We don’t talk about this issue enough. In this election year where politicians act like they care about poor people and the disadvantaged, there’s a lot of talk about welfare reform and modifying our health care system. But teen pregnancy has to be one of the single most obvious problems directly related to welfare, healthcare, education, and the health of “the family” in America. 
We all know that “right to life” proponents are hostile to the idea of giving women the right to make choices about their bodies. We know as well that “pro choice” advocates are concerned about women’s reproductive lives and often derisively at odds with right to lifers.
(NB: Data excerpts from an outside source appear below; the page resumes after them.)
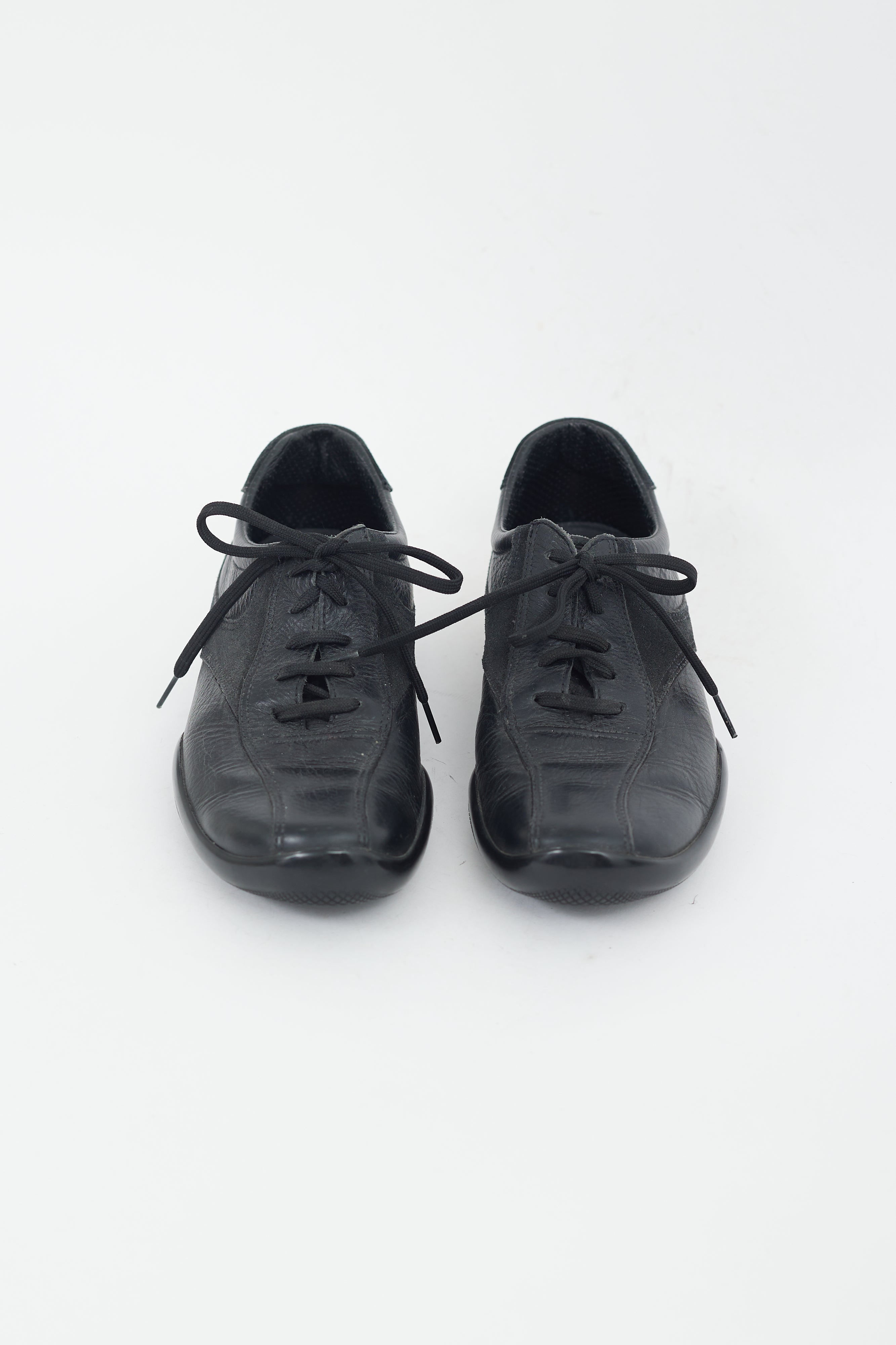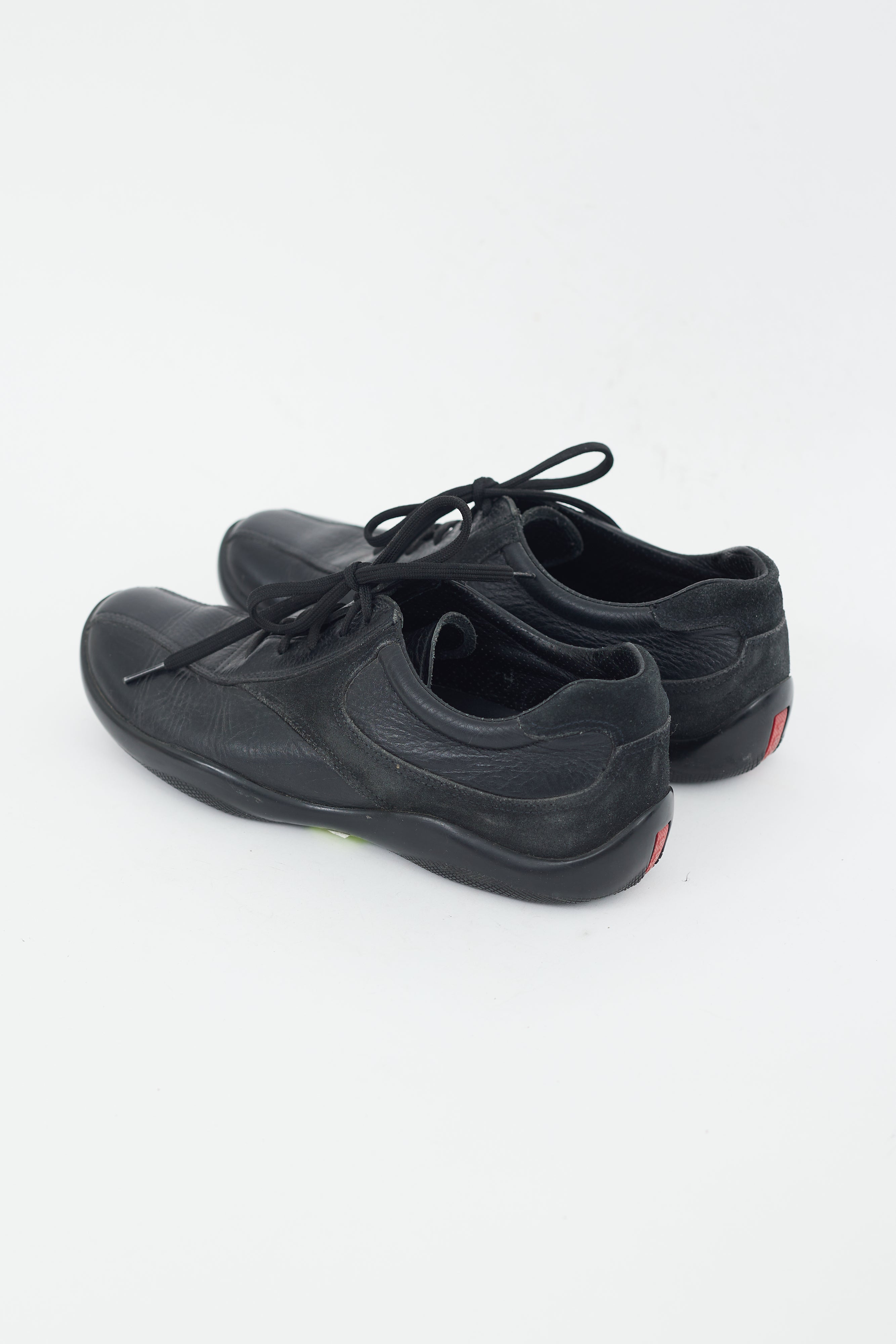 Pre-owned Prada Sport black sneakers featuring a rounded toe, leather upper, suede panelling at body and counter, lace up front, and shaped rubber sole with visible red embossed logo insert at counter.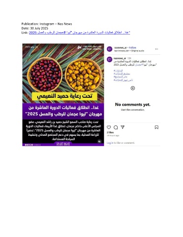 Publication: Instagram – Nas News Date: 30 July 2025 Link: 2025 لسعلاو بطرلل نامجع# اويل" ناجرهم نم ةرشاعلا ةرودلا تايلاعف قلاطنا ..ادغ"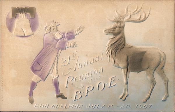 Front: 21 Peunion of the BPOE PHILADEL PHIA JULY 15-20 1007 Back: Flace Stamp tere Dorestic Canada Cuba Ivexico, Pawaii Philippines Porto Rico ht Hea 109 NA མ མཁས་པས་ན་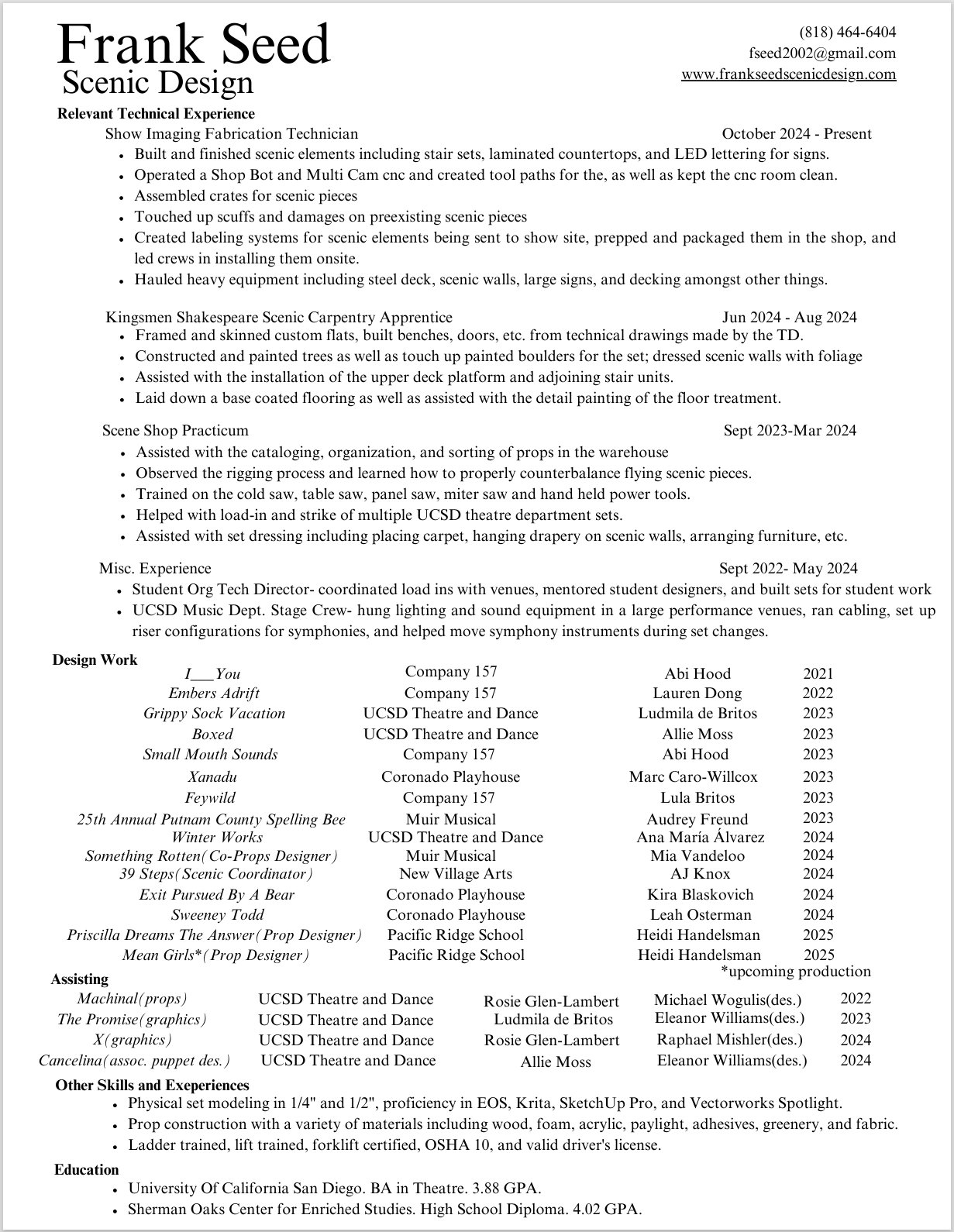 Hey Folks! My name is Frank, I’m a San Diego and LA based scenic designer. I recently graduated from the University Of California San Diego with my BA in Theatre and I’m excited to start my work in the professional world! I love any opportunities to build worlds with other passionate creatives and collaborators! So much of my excitement to design comes from new works since they are so pivotal and necessary in modern theatre to tell stories that shift the narrative and push the envelope of what is possible onstage. If that sort of work excites you too, lets talk!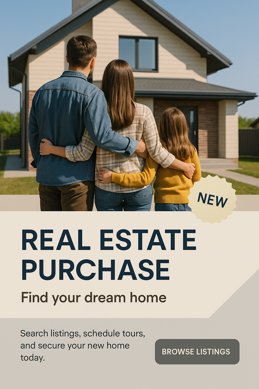 Real Estate Promotional Graphic Featuring Home Buying and Selling

The interesting thing is that those hostile to abortion are often strong advocates for adoption. But because in many states they have such a powerful connection to the adoption community, pro choicers have a hard time fully addressing that issue. The result all too often is that the question and issue of adoption is left out of the debate. 
It is also left out of the article I site above. How many of the 367,752 live teen births annually in America (3,500 in Philadelphia alone) end in adoption? We don’t know. The article doesn’t deal with this issue at all. Why? Because according to the Gladney Center for Adoption less than 2% of young girls who have babies put them up for adoption. I went to the website of the National Campaign to Prevent Teen and Unplanned Pregnancy. As far as I can tell that website provides nothing substantive on adoption at all. Adoption is called the third option. It is also called the silenced option. 
I don’t like the idea of abortion, personally. I also don’t like the idea that someone with a religious agenda and differing values can tell a woman (or a teenage girl) what to do with her body. But I also think that it’s very clear that if we know that teen pregnancy is a major problem for low income and minority communities in America, we need to do something big to change that. I would like to see pro-choice and pro-life advocates get together and figure out how to make adoption a definitive and viable option for everyone. Such a partnership should be organized and managed by the NAACP and probably the National Council of La Raza since the Latino community is more affected by teen pregnancy than most minorities (read Taylor’s article!).
Adoption is so important to this country’s future. We all know that many young married couples who struggle with fertility invest dramatic sums of money in the fertility industry. Why is that? Partly because people think that having their own “flesh and blood” is somehow important. But also partly because adoption seems so daunting and bureaucratic. The number of available children for adoption is far outstripped already by the number of families on waiting lists.   
This is a very sticky issue, I know. I am aware that I oversimplify here, but it’s also quite clear that teen pregnancy can’t simply be addressed by prevention campaigns and political rhetoric about the pros and cons of abortion rights. Adoption doesn’t just give babies a better chance in life, it also clearly gives young girls (and boys) the opportunity to mature and pursue educations and careers — and more normal family lives in the future. Adoption is very likely one of the most effective tools we have to stop the cycle of poverty.
The change I’m advocating here is not something that needs to happen off in a corner of urban America. We’ve been doing that for decades. Adoption needs to be culture-wide and upfront and in the center of things. I think every famous person who was adopted needs to make that public and a focal aspect of their identities. Maybe we should all wear turquoise ribbons on National Adoption Day (and maybe our adopting parents should wear bright blue). 
Athletes, actors, and politicians need to go out of their way to support American adoption centers. The next versions of Madonna and Brangelina looking for babies should make a point of staying within our borders. And the media needs to start covering adoption as an option for teenage mothers in a positive and empowering way. 
Don’t kid yourself. There’s still a stigma attached to adoption. It confuses people on all sides of the question. But I believe we’re getting smarter and less judgmental by the day. What we need is a world where 15-year-old girls who have had their futures jeopardized by pregnancy can consider a humane and realistic opportunity for the babies they are responsible for. I know we can make that happen. It’s too obvious and powerful a solution to just ignore or forget…or silence. 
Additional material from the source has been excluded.